Дрозофила является хорошо зарекомендовавшей себя моделью для изучения ключевых молекул, регулирующих миогенез. Однако существующих методов недостаточно для определения транскрипционной динамики мРНК и пространственного распределения в синцитии. Чтобы устранить это ограничение, мы оптимизировали метод флуоресценции РНК in situ , позволяющий обнаруживать и количественно определять мРНК в масштабе одной молекулы.
Скелетные мышцы представляют собой большие синцитии, состоящие из множества пучков миоволокон, которые вырабатывают силы и обеспечивают движение тела. Дрозофила является классической моделью для изучения биологии мышц. Сочетание генетики дрозофилы и передовых омиксных подходов привело к идентификации ключевых консервативных молекул, которые регулируют морфогенез и регенерацию мышц. Однако транскрипционная динамика этих молекул и пространственное распределение их матричной РНК в синцитии не могут быть оценены обычными методами. Здесь мы оптимизировали существующий метод флуоресценции одномолекулярной РНК in situ (smFISH), чтобы обеспечить обнаружение и количественное определение отдельных молекул мРНК в летных мышцах взрослых особей и их мышечных стволовых клетках. В качестве доказательства концепции мы проанализировали экспрессию мРНК и распределение двух эволюционно консервативных транскрипционных факторов, Mef2 и Zfh1/Zeb. Мы показываем, что этот метод может эффективно обнаруживать и количественно определять одиночные молекулы мРНК как для транскриптов в мышечных клетках-предшественниках, так и во взрослых мышцах и мышечных стволовых клетках.
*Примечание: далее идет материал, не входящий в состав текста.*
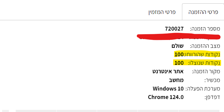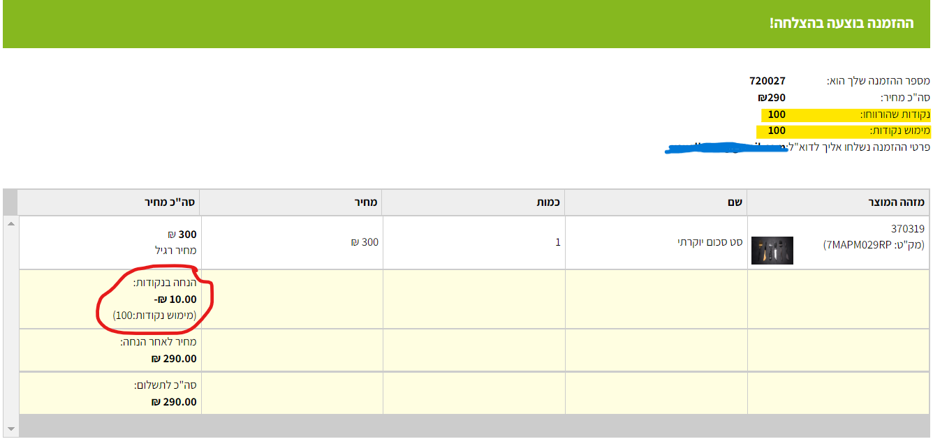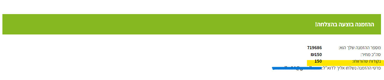 לקוח גם רואה באישור הזמנה כמה נקודות מימש וצבר :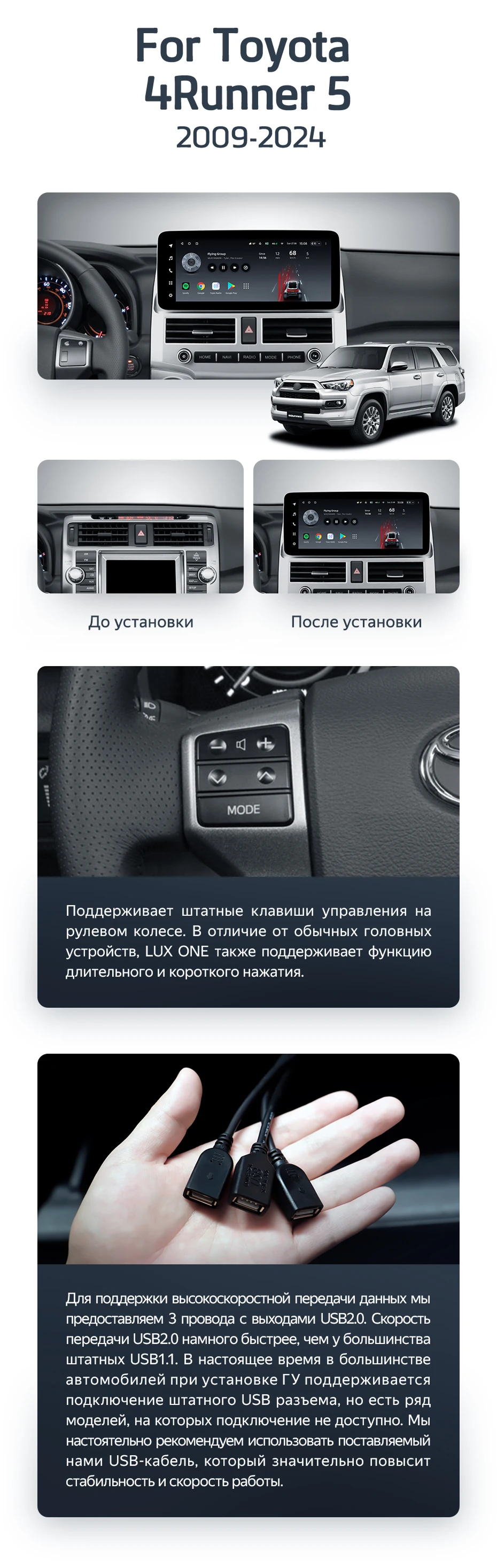 Штатная магнитола Teyes LUX ONE 360 6/128 Toyota 4Runner 5 N280 (2009-2024) - купить всего за 60 300 руб. в интернет-магазине в Новороссийске Teyes.com.ru. ✓ Самый лучший выбор мультимедиа ✓ Лучшая замена штатному ГУ ✓ Тел. +7 (800) 775-31-74

Скелетные мышцы взрослого человека состоят из дифференцированных многоядерных миоволокон, сократительные свойства которых порождают движения. Мышечный рост, поддержание и регенерация зависят от мышечных предшественников и мышечных стволовых клеток (MuSC), которые определяются во время эмбрионального развития1. Миогенная программа тонко контролируется набором основных миогенных транскрипционных факторов (ТФ) (например, Pax3/7, MYOD, Mef2 и ZEB)2,3,4. Расшифровка молекулярных механизмов, регулирующих мышечную биологию, важна для выяснения фундаментальных вопросов, связанных с миологией, и для возможного терапевтического использования в лечении мышечно-дегенеративных заболеваний.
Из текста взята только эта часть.